L'avocat général rappelle que, dès septembre 1940, de nombreux juifs français ont été privés de leur nationalité. Le maréchal Pétain a même rayé de sa main l'article, figurant dans le statut d'octobre 1940, permettant d'épargner "les descendants de juifs français nés ou naturalisés avant 1860". Le réquisitoire de l'avocat général reprend ainsi les travaux les plus récents des historiens, pour mettre en lumière cette "falsification de l'histoire". Celle-ci est aggravée par deux facteurs. D'une part, l'évolution sémantique visant "les juifs français", ce qui laisse entendre que l'ensemble de la population juive française aurait bénéficié des bonnes actions du Maréchal. D'autre part, les inexactitudes historiques de l'analyse d'Éric Zemmour qui, par exemple, ne distingue pas entre la zone occupée et la zone non-occupée, témoignant d'une volonté de masquer la responsabilité de Vichy dans la politique antisémite de l'époque.

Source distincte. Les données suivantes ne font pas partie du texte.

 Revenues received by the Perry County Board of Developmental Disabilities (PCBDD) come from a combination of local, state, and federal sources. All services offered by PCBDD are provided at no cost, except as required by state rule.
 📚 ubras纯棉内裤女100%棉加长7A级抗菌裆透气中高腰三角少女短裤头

Une personne qui n'a pas été condamnée pour crime contre l'humanité
Pour confirmer la relaxe d'Éric Zemmour, la Cour d'appel de Paris s'est fondée sur le fait que ses propos portaient sur une personnalité qui n'avait pas été condamnée pour crime contre l'humanité, en l'espèce Philippe Pétain. Il est exact que le maréchal n'a pas été condamné sur ce fondement, mais pour attentat contre la sûreté intérieure de l'État et intelligence avec l'ennemi. A l'époque, le crime contre l'humanité ne figurait que dans les Accords de Londres. Il a donc été utilisé lors des poursuites engagées par le Tribunal de Nuremberg contre les hauts responsables du régime nazi, mais ne pouvait l'être dans un procès relevant du droit interne français.

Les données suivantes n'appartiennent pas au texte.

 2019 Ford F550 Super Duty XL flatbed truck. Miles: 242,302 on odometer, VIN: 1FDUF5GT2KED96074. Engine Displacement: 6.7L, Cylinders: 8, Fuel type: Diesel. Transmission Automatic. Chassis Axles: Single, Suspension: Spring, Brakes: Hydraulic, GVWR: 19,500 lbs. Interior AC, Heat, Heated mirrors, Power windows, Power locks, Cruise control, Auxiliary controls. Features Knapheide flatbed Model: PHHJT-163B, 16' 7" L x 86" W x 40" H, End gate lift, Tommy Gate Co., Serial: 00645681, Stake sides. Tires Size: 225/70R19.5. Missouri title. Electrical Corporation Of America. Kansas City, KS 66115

Le raisonnement de la Cour d'appel est tout de même très surprenant : parce que Pétain n'a pas été condamné pour crime contre l'humanité, celui qui cherche à exonérer Pétain ne pourrait être poursuivi pour négation de crime contre l'humanité.
La cassation est prononcée sur ce fondement, et l'analyse juridique le laissait prévoir. On observe d'abord que, désormais, le crime contre l'humanité est une infraction figurant dans le code pénal, dans les articles 211-1 et suivants. Dans l'arrêt Barbie du 20 décembre 1985, la Cour de cassation définissait déjà le crime contre l'humanité comme "les actes inhumains et les persécutions qui, au nom d'un État pratiquant une politique d'hégémonie idéologique, ont été commis de façon systématique (..) contre le personnes en raison de leur appartenant à une collectivité raciale ou religieuse (...)". L'arrêt Papon du 23 janvier 1997 précise ensuite que le droit n'exige pas que le complice de crime contre l'humanité ait adhéré à la politique d'hégémonie des auteurs principaux, ni qu'il ait appartenu à une organisation déclarée criminelle par le tribunal de Nuremberg. Enfin, dans un arrêt du 24 mars 2020 rendu à propos de la Rafle du Vél d'Hiv., la Cour admet des poursuites pour des propos tenus à l'égard de personnes ayant participé à la mise en oeuvre d'un crime contre l'humanité, sans en être les organisateurs ou les instigateurs. Cette dernière décision s'inscrit dans une jurisprudence sanctionnant la "minoration outrancière" des exactions commises, et c'est exactement l'action à laquelle se livre Éric Zemmour.
De l'état du droit, la Cour de cassation déduit qu'il importe peu que le maréchal Pétain n'ait pas été condamné pour crime contre l'humanité, dès lors, qu'au regard du droit aujourd'hui applicable, il s'est rendu coupable de complicité d'un tel crime. Prononcer une relaxe sur ce fondement reviendrait en effet à exonérer les auteurs de contestation de crime contre l'humanité. Il suffirait de se référer à Pétain et non pas aux condamnés de Nuremberg pour développer un discours négationniste, et l'infraction serait vidée de sa substance.